A team led by Nikku Madhusudhan, an astrophysicist and exoplanetary scientist at the University of Cambridge, proposed that these relatively overlooked planets “can be optimal candidates in the search for exoplanetary habitability and may be abundant in the exoplanet population,” according to a study published on Wednesday in The Astrophysical Journal. What’s more, Hycean planets are much easier to observe and characterize compared to Earth-like rocky worlds, which means they could be scanned for signs of life by next-generation observatories, such as the James Webb Space Telescope, within the next few years.
“Up until now, whenever you hear about habitable planets, you’re basically picturing an Earth 2.0,” Madhusudhan said in a call. “You’re picturing an Earth-like planet with an Earth-like atmosphere and surface and you put it around the star at the right temperature so you can have liquid water. That has been our canonical notion of habitability.”
Hycean planets, in contrast, are about two to three times bigger and up to 10 times more massive than Earth, placing them within other exoplanetary categories such as “super-Earths” and “mini-Neptunes.”

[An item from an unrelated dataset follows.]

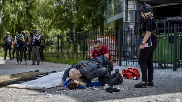 ウクライナ東部のハルキフで7月20日に、13歳の少年がモスク近くで、バスを待っていたバス停に、ロシア軍のミサイル攻撃が炸裂して死亡したと地元ハリキウ当局が発表した。通勤者らがバスを降りるときに、ミサイル砲弾がバス停に着撃して炸裂した。近くのモスクはひどく損傷していた。13歳の息子の父親は、破壊されたバス停の近くの路上に横たわり、赤いホイルシートに覆われた死体の息子の手を握ってひざまずいた。父親は、片手に小さな聖書を持ち、呆然と見つめて祈りの言葉を約2時間も唱えていた。父親は少年の露出した胸に手を当てていた。その後、葬儀作業員が死体袋のチャックを閉めて息子の死体を運び出すのを、立ったまま見届けてから、十字架のお祈りをした。ハリコフ州知事は、7月22日水曜日にハリコフで3人(10代の若者、男性、女性)が死亡した。地元のダンス教室に通っていた13歳の息子は死亡して、15歳の姉(Ksenia)は負傷した。ロシア軍のミサイルやロケット攻撃はウクライナの都市や町を荒廃させて、意図的に民間人も標的にした。地元検察庁は、ロケット弾はウラガン多連装ロケットランチャーから発射したと公表した。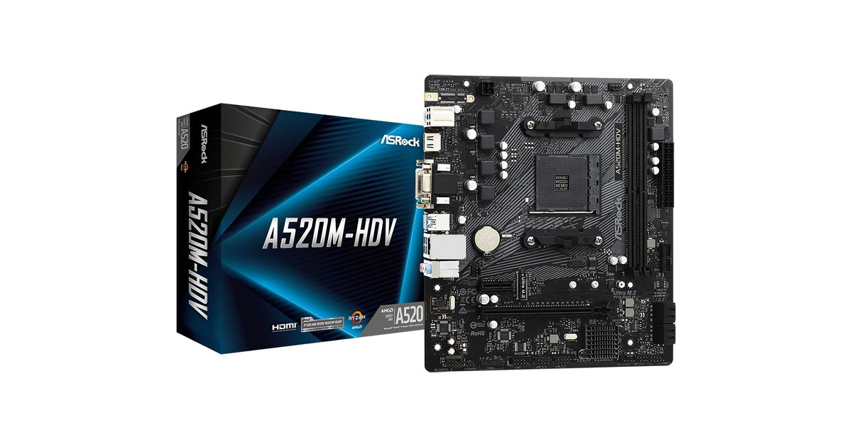 Asrock A520M-HDV, AMD, Kanta AM4, 3rd Generation AMD Ryzen™ 3, 3rd Generation AMD Ryzen 5, 3rd Generation AMD Ryzen™ 7, 3rd..., DDR4-SDRAM, 64 GB, DIMM

Though our own solar system lacks any planets in this size range, they are extremely common in other star systems, which has led to cautious speculation about whether they might be able to host life. These worlds could have extensive oceans of liquid water, which is a plus for habitability, but their huge masses may create pressures that are simply too high to support life. Their thick hydrogen atmospheres can also reach sweltering temperatures of 200°C, suggesting that many of these worlds are too hot to be habitable.